Анатомия Комплексов (ч.1) (СИ) - Витич Райдо. Страница 18
–– С чего вдруг? –– Алена прикрыла глаза ладонью: информация, выданная кэн, была слишком неудобоварима для нее. Она вскочила и нервно заметалась по комнатушке.
–– Зачем? Зачем ты мне это говоришь? Почему хочешь помочь? Добрый самаритянин? Аболиционист? Нет? Хочешь меня напугать? Хочешь, чтоб я смирилась и стала безропотной заводной куклой в ваших руках?! И таким тоном! Боже! Как будто зачитал таблицу логарифмов! ЭВМ!.. Сухо, черство, равнодушно, а речь идет о жизни и о преступлении против нее!!...Помочь хочешь, да? Зачем?! Челюсти от похоти сводит?! Землянки в твоем гареме не хватает?! Может, ты влюбился с первого взгляда, а со второго решил, что это судьба?! Или это бескорыстный поступок?! Отпустишь меня?! Кинешь вызов рабовладельчеству?! –– желчно вопрошала девушка и взмахнула руками в порыве: господи, какое зверство!! Рабы, лаборатории…и никаких эмоций! Подумаешь!.. Ты робот? Как ты можешь рассуждать о подобном с таким устрашающим спокойствием, а потом еще говорить, что искренне желаешь мне помочь?! Чем?! Подержишь, пока мне руки отпиливать будут?!
Рэй встал и подошел к девушке:
–– Алена, я мужчина. Эмоции –– прерогатива женщин.
–– Это значит, что пол освобождает от человечности?!
–– Пол накладывает определенные обязанности и правила поведения.
–– Для мужчин одни, для женщин другие?!
–– Да и это естественно.
–– Так же естественно, как рабство и опыты над живыми людьми?!!
–– Во всяком случае, более естественно, чем равноправие полов. И правильно.
–– Правильно?! О Боже! Вседозволенность одних и бесправие других, узаконенное издевательство, насилие, унижение, убийство.. это правильно?!

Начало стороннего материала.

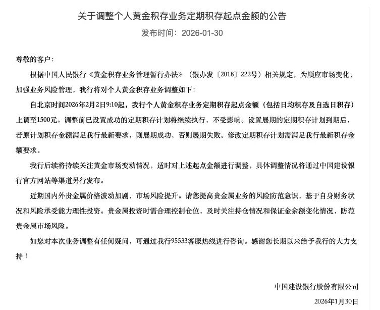 建設銀行1月30日,建設銀行發布公告調整個人黃金積存業務定期積存起點金額。自2月2日9:10起,建行個人黃金積存業務定期積存起點金額(包括日均積存及自選日積存)上調至1500元。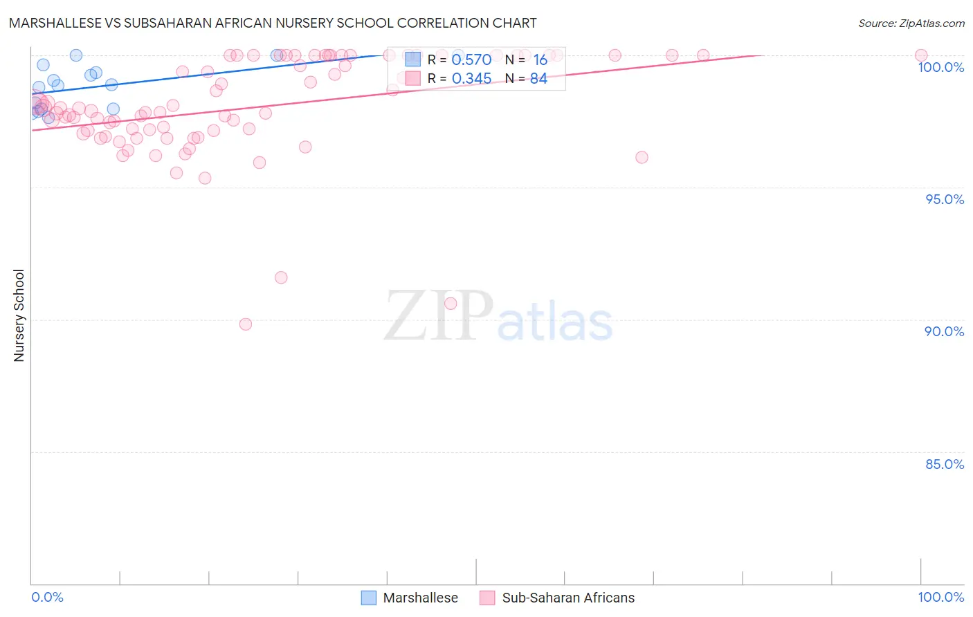 Marshallese vs Subsaharan African Nursery School Correlation Chart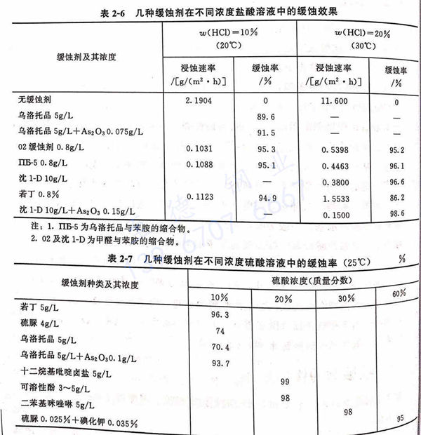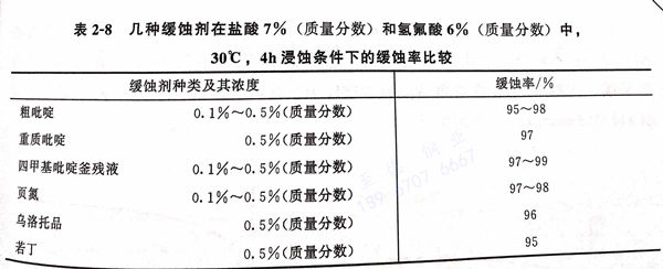 幾(ji)種緩(huan)蝕(shi)劑在不同(tong)濃度的(de)鹽酸(suan)(suan)溶液中的(de)緩(huan)蝕(shi)效果(guo)見(jian)(jian)表2-6, 幾(ji)種緩(huan)蝕(shi)劑在不同(tong)濃度的(de)硫酸(suan)(suan)溶液中的(de)緩(huan)蝕(shi)率見(jian)(jian)表2-7, 幾(ji)種緩(huan)蝕(shi)劑在鹽酸(suan)(suan)與氫(qing)氟酸(suan)(suan)混合酸(suan)(suan)中的(de)緩(huan)蝕(shi)率見(jian)(jian)表2-8。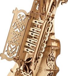 I 292 pezzi tagliati al laser in modo preciso in compensato di qualità si incastrano senza colla. Ornamenti decorativi e ingranaggi a vista la rendono una decorazione accattivante.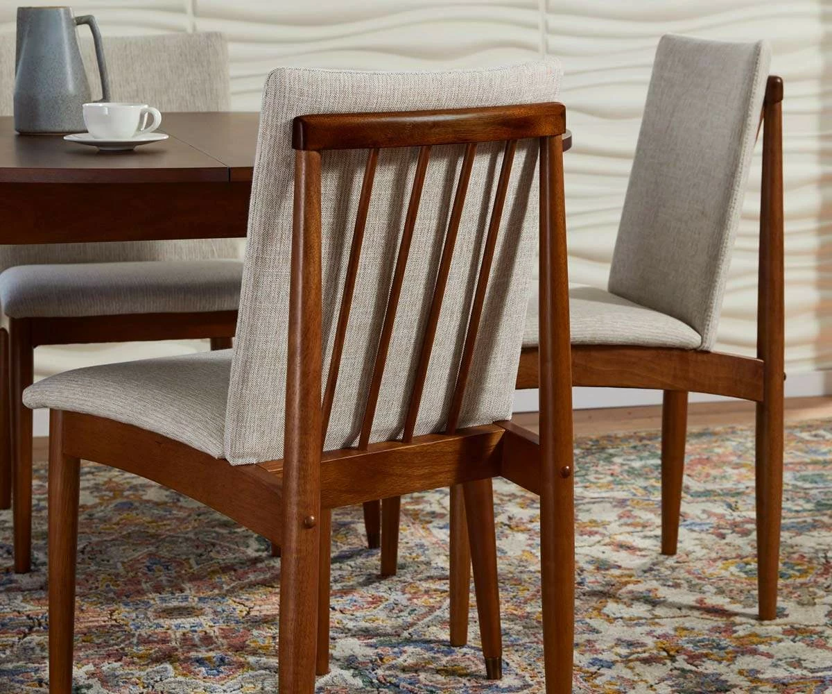 The new and improved Holfred Dining Chair is designed with celebration in mind. A new, reinforced construction makes this piece sturdier than ever before, with thicker cushioning to provide ample support and comfort. The wood is finished in a rich, timber brown stain for instant mid-century modern vibes, while the angle of the back detailing has a distinctive, Scandi-inspired sensibility.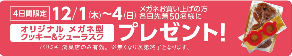 オープンを記念し12/1(木)~4(日)の4日間、メガネをお買い上げの方 各日先着50名様に、オリジナル「メガネ型クッキー&シューラスク」をプレゼント! ※無くなり次第終了となります。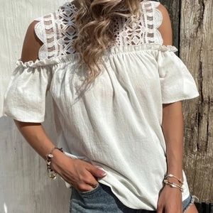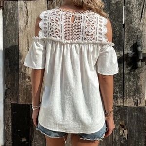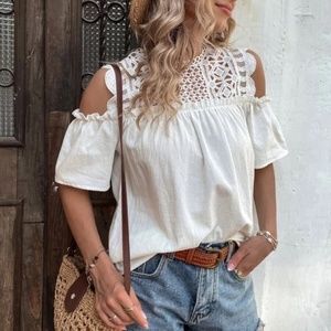 Boho White Lace Cold Shoulder Puff Sleeve Blouse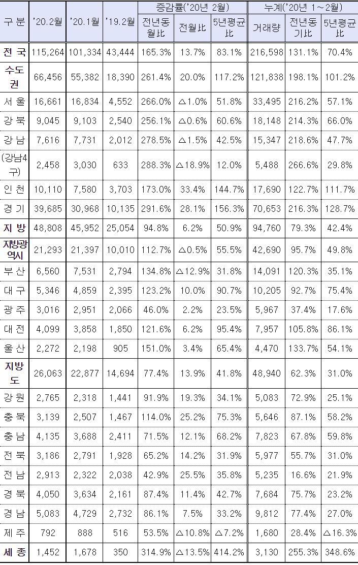 ’20.2월 누계 주택 매매거래량(216,598건)은 전년동기(93,730건) 대비 131.1%, 5년평균(127,120건) 대비 70.4% 각각 증가하였다.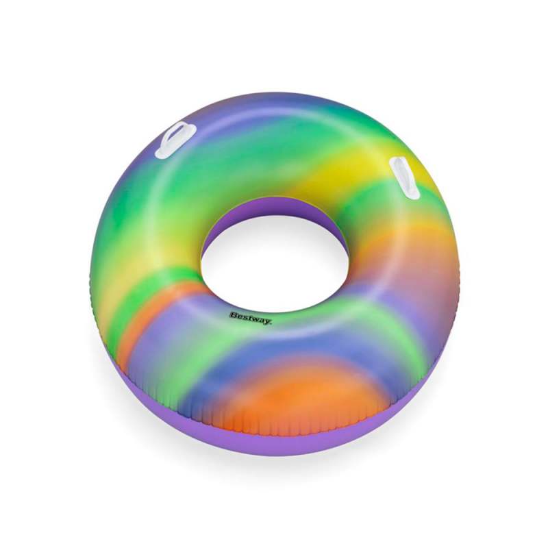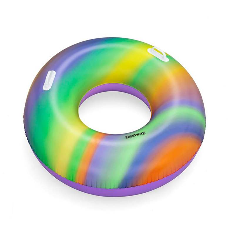 Tamaño: 1,05 m x 33 cm (41 pulg. x 13 pulg.) Perfecto para adultos y niños a partir de 12 años Estampado colorido de arcoíris Asas resistentes La película protectora Color Shield™ evita que la impresión en color se traspase a la piel cuando está mojada y conserva los colores brillantes Fácil de inflar, desinflar y almacenar Contenido: 1 flotador, 1 parche de reparación
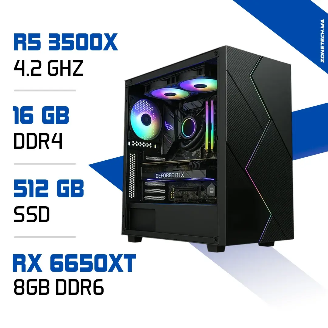 PC Gamer Zonetech Ryzen 5 3500X / 16GB / 512 Go SSD / RX 6650 XT 8GB – Puissance Gaming au Maroc
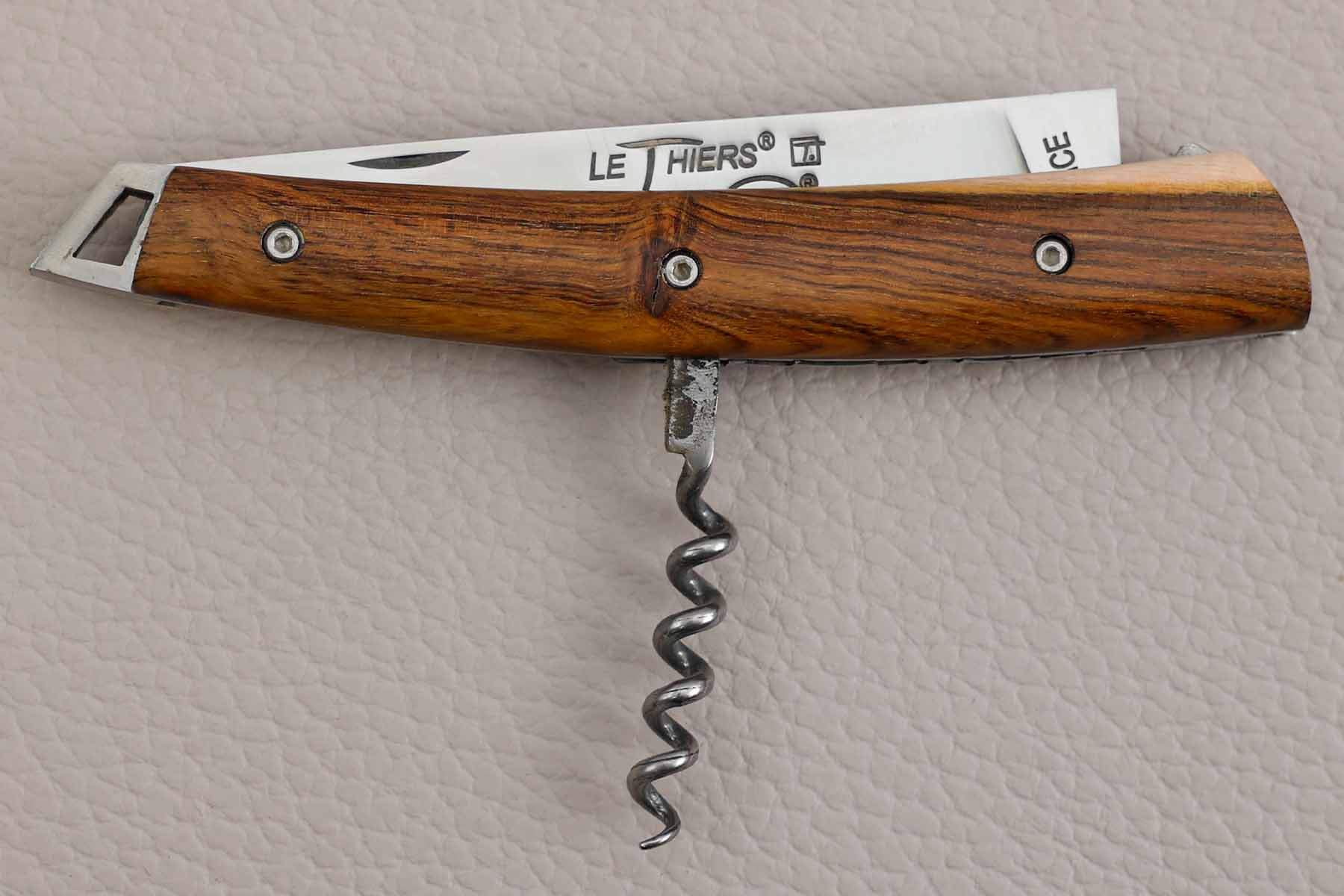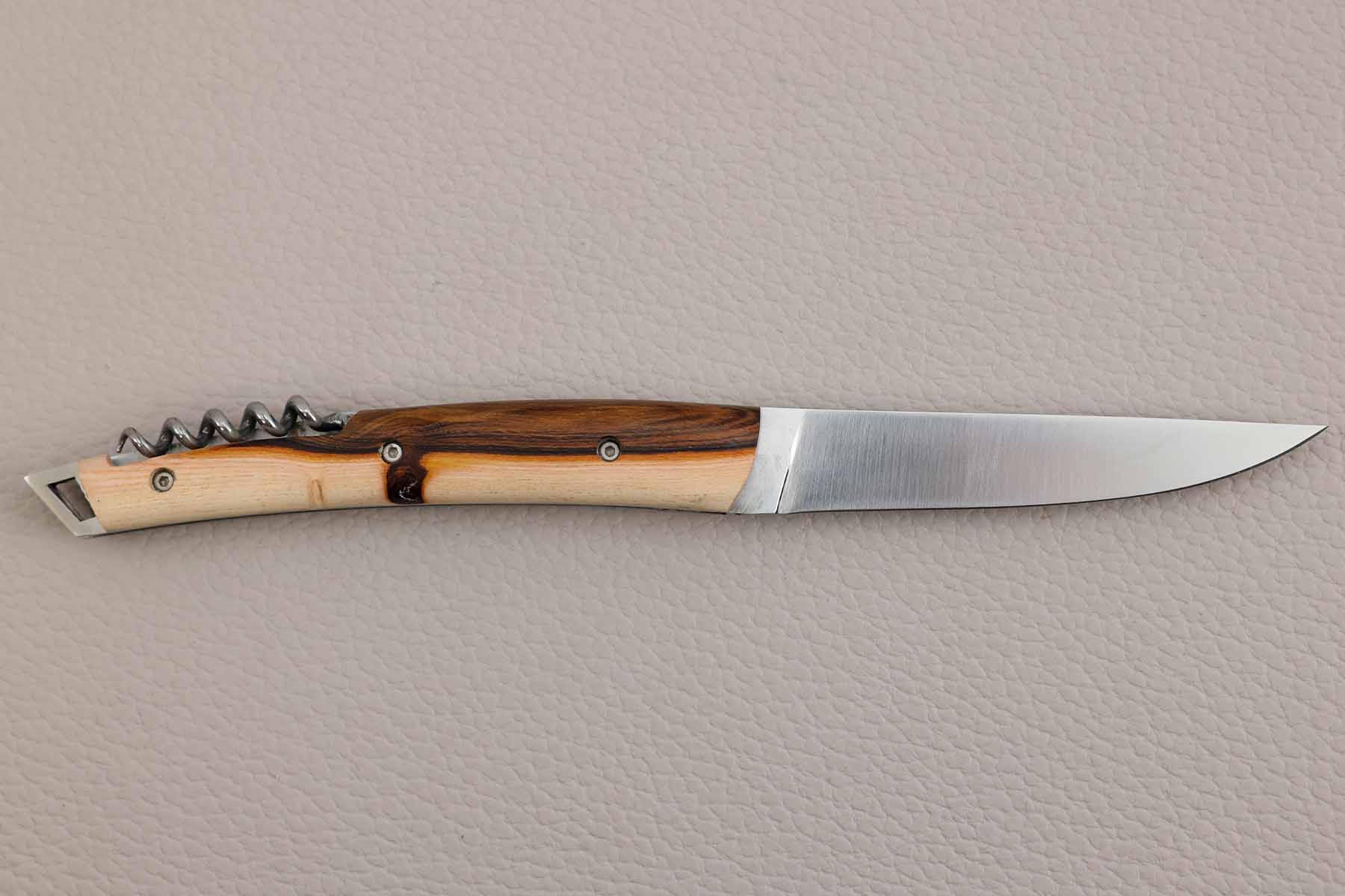 Plaquettes en pistachier avec tire-bouchon, (fixées sur 3 points par des vis 6 pans)

Рэй, не сдержавшись, поддался к ней, желая схватить девушку и заставить замолчать. Ее нервное возбуждение сводило его с ума, кружило голову, забирало силы, лишало воли. Даже атмосфера в комнате стала насыщенно разряженной от ее эмоций. В воздухе стоял аромат ее энергии, сладковато-терпкий, щекочущий ноздри, разъедающий разум и оседающий во рту незнакомым, манящим привкусом чего-то особо вожделенного, живительного и жизненно необходимого, как глоток воды умирающему от жажды.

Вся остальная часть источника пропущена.